SCRANTON — Falls Township native Amanda Banta grew up on family-owned Rowlands Farm, which instilled in her a love for hard-won crops and thoughtful landscaping and greenhouse design.
Meanwhile, James Bolus was raised in Dalton, where he inherited a love of cooking from the women in his family before he moved on to culinary studies at the Art Institute of Philadelphia.
Now, Banta and Bolus pool their life experiences to work in concert as the co-owner and executive chef, respectively, of the newly opened Penn Avenue business the Wandering Hen Cafe & Market.
The downtown Scranton eatery blends their passions for cooking with quality ingredients and techniques and supporting local farms.
“Mediterranean cuisine is my niche. Lebanese is my passion,” Bolus said, attributing that love to the ethnic cooking to which his mother and both of his grandmothers introduced him. “I have a lot of experience with classical comfort food, Eastern-European farmer-type (dishes). That’s where I got my love of pickling, fermenting and canning.”
“My husband Bill and I dreamed of always having a true farm-to-table restaurant,” Banta added. “I wanted items people are familiar with but with a twist, and I wanted a name that people automatically thought, ‘free-range.’ (The Wandering Hen) just came to me.”
Between the fresh produce available in the market and the breakfast and lunch menus in the cafe, Banta noted that the Wandering Hen supports about 40 local farms and vendors.
“We’re very proud of how farm-to-table and representative of the local population we are,” Bolus said. “I try to prepare relatable food while also keeping it healthy and educating to expand palettes. It’s a way to teach people that healthy food can still be delicious, and not necessarily bland.”
Customers have the option of dining in or grabbing food to go. During the summer, Bolus and Banta estimated, the in-house menu will be about 95 percent locally sourced, while during the winter that number will dip down to about 80 percent. That number still is high in comparison to other area eateries and is made possible by the bounty of the Wandering Hen’s adjoining market.
Banta made her first connections at the Tunkhannock farmer’s market, and her network of suppliers grew from there. Now, diners (and home cooks) reap the benefits of the mutually prosperous system among the restaurant and the farms.

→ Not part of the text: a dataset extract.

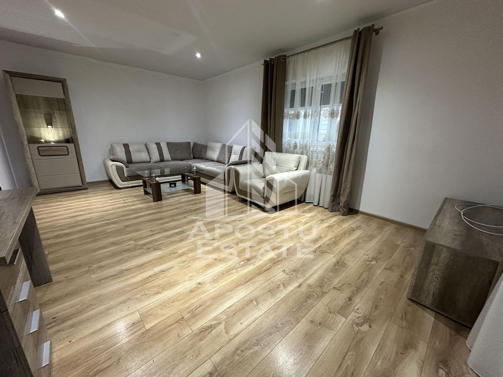 APOSTU ESTATE va propune spre vanzare un apartament cu 2 camere situat in Giroc la asfalt. Drumul de acces spre imobil este asfaltat. In apropiere sunt magazine si supermarket-uri precum Lidl, Profi, Mega Image, Penny, Scoala, gradinita și parc la o distanta de 3 minute, acces facil la mijloace de transport in comun. Apartamentul se vinde complet mobilat si utilat, precum se observa in imagini. Imobilul dispune de o suprafata de 60 mp si este situat la etajul 1, intr-un bloc intim cu doar 4 apartamente. Compartimentare: - hol acces. - bucatarie inchisa. - dormitor. - living. - baie cu geam si cada. - terasa. Detalii tehnice: - constructie realizata in anul 2016 din caramida Porotherm de 25 cm. - exterior izolat cu polistiren de 10 cm eps 80. - pereti despartitori complet din caramida (fara rigips) tencuiti mecanizat finisati cu glet si vopsea lavabila. - geamuri termopan cu 3 sticle pentru izolare fonica si termica superioara, foarte mari si luminoase dotate cu rulori. - centrala proprie pe gaz, incalzire prin calorifere. - 2 aparate pentru aer conditionat, atat in dormitor cat si in living. - aparataje modulare Gewis. - usa acces securizata, usi interioare Porta Doors.. - electrocasnice noi, in stare perfecta de functionare. (frigider, masina de spalat rufe, masina de spalat vase, aragaz, cuptor, hota) - mobilier de calitate inalta, realizat pe comanda pe toata suprafata apartamentului. - 1 loc de parcare in cf. Utilitati complete: curent, apa de la retea, canalizare, gaz. Pentru mai multe detalii nu ezitati sa ne contactati! Acceptam orice fel de credit bancar. Oferim consultanta si solutii financiare prin colaboratorii nostri pentru a obtine cel mai avantajos credit Ipotecar sau Noua Casa. Va asteptam cu drag la o vizionare chiar astazi! CP2793454

“It’s really exciting to see all the farms in here selling their stuff in the first place,” Banta said. “It’s a tremendous help after the regular season ends. It’s a good outlet for them to sell their stuff.”
The fresh ingredients featured in the cafe’s dishes have earned rave reviews from diners so far, Bolus said. While he struggled to pick favorites from the menu, he shared some of the most popular standouts that guests love. For vegans, this means the Mushroom BLT and Veggie Burger (the patty is made of all sprouted greens and quinoa). On the breakfast side, the Seasonal Hash (sweet potato, sausage, onion, Brussels sprouts and two eggs over easy) and the Cast Iron Waffle can’t be beat.
“I believe we’re the only people using cast iron, which gets a really nice caramelization while the inside stays nice and fluffy,” Bolus said. “There’s no Teflon (in our kitchen), and we use minimal aluminum to work to our zero-waste goal.”
The Roasted Chicken Salad is bolstered by locally foraged Sumac onions and meat cured for 48 hours before being roasted and pulled. The regular burgers feature 100-percent grass-fed, local beef.
The Egg and Cress Sandwich is a unique take on egg salad, Bolus said, which pairs perfectly cooked hard-boiled eggs and straun bread, a low-fat option made of a combination of different greens.
The Wandering Hen can seat 43 among the bar and tables on furniture that has been upcycled or handmade by Keith Thomas. Between the wagon wheel light fixtures, stone floor sourced from an area quarry and local botany, the majority of the decor has been repurposed or ethically harvested.
“Everything from our food to the physical building supports local,” Bolus said.